Vote-swapping site aims to defeat Tories

Tactical voting for the UK's coming general election is moving online with the launch of a new Web site
Written by Jane Wakefield, Contributor

A vote-swapping site which encourages people to vote tactically in order to prevent the Conservatives winning the forth-coming general election has been launched this week.

Users wishing to vote tactically are registered on the site -- www.tacticalvoter.net -- and paired up via email with someone who is returning the favour by voting tactically in their area. Users pledge to vote tactically for the candidate most likely to defeat the Conservative candidate in their constituency and the site will keep a running total of how many people are voting for which party.

Online voting has long been touted as a way of increasing democracy but to date all governments have shied away from implementing it, claiming the security risks are too high. However many political campaigns have found a new lease of life via the Net, notably the anti-capitalist marches in both London and Seattle which were co-ordinated largely online.

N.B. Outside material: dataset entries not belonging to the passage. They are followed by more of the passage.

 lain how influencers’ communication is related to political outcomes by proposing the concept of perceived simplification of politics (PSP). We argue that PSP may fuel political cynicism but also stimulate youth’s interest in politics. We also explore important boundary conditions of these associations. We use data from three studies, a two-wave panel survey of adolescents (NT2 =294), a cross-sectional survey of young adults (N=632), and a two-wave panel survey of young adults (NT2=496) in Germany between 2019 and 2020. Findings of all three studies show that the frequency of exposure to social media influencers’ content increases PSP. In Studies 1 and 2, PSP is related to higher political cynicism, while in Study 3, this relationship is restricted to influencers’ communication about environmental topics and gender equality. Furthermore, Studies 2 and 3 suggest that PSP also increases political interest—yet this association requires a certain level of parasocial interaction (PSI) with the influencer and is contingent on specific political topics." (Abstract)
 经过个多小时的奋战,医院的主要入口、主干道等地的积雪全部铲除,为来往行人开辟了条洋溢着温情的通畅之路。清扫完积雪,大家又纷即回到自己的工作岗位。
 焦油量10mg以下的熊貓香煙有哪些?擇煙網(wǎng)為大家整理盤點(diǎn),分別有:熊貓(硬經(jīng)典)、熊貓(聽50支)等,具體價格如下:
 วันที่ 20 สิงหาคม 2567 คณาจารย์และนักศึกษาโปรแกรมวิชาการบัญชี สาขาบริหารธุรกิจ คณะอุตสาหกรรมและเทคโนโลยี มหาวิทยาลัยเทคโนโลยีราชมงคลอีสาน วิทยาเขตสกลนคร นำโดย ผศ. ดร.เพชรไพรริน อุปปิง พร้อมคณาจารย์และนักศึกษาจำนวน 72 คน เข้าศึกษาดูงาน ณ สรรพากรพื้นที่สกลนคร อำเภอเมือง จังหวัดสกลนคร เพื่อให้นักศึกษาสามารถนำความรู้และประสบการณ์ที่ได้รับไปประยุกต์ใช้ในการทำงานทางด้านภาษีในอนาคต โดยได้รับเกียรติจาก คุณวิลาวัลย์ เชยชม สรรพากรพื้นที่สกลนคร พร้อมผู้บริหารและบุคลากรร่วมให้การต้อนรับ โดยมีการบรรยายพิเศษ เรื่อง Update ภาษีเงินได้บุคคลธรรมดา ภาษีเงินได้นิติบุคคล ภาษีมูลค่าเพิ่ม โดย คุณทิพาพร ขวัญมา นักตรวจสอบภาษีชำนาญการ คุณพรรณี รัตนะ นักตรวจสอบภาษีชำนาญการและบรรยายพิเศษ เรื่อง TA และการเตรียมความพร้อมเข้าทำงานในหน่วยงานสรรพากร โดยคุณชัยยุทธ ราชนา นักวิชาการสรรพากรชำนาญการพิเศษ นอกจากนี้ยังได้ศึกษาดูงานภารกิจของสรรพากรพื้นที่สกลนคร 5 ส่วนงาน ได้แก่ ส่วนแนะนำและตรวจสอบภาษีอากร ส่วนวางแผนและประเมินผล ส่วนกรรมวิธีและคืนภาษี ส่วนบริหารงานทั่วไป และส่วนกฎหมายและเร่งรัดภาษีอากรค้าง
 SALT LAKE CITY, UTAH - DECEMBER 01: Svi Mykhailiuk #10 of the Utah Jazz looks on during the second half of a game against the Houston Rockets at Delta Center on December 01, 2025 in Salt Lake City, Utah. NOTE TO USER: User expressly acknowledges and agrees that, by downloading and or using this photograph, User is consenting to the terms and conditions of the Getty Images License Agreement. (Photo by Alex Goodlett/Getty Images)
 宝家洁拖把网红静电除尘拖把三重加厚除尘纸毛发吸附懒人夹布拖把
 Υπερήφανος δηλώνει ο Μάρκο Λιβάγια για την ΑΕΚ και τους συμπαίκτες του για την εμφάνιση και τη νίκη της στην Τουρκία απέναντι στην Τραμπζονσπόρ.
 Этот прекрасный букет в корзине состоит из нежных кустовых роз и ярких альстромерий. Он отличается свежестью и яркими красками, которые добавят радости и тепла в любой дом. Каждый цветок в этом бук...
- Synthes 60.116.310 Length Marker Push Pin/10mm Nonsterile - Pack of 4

The idea for the site was inspired by a online campaign during the US presidential election. Nadertrader.org and votetrader.org had 1,500 Greens pledging to vote Democrat in Florida. According to tacticalvoter.net if the sites had started a few weeks earlier, they might have gathered the small number of extra swappers needed to keep George Bush out of the Whitehouse.

According to the Web site vote-swappers have "nothing to lose but a Tory MP". "There are dozens of UK seats with majorities of under 2000 that could very easily be swung by voteswappers -- contributing to a historic Tory meltdown that might bring them to their senses and stop the party dragging British politics towards the right," reads the introduction to the site.

The Conversative party has been outraged by the site and called on the Electoral Commission to investigate immediately. However, according to the Electoral Commission the site is perfectly legitimate. "There is nothing illegal about it. People are entitled to use their vote in any way they wish," a spokesman told ZDNet News.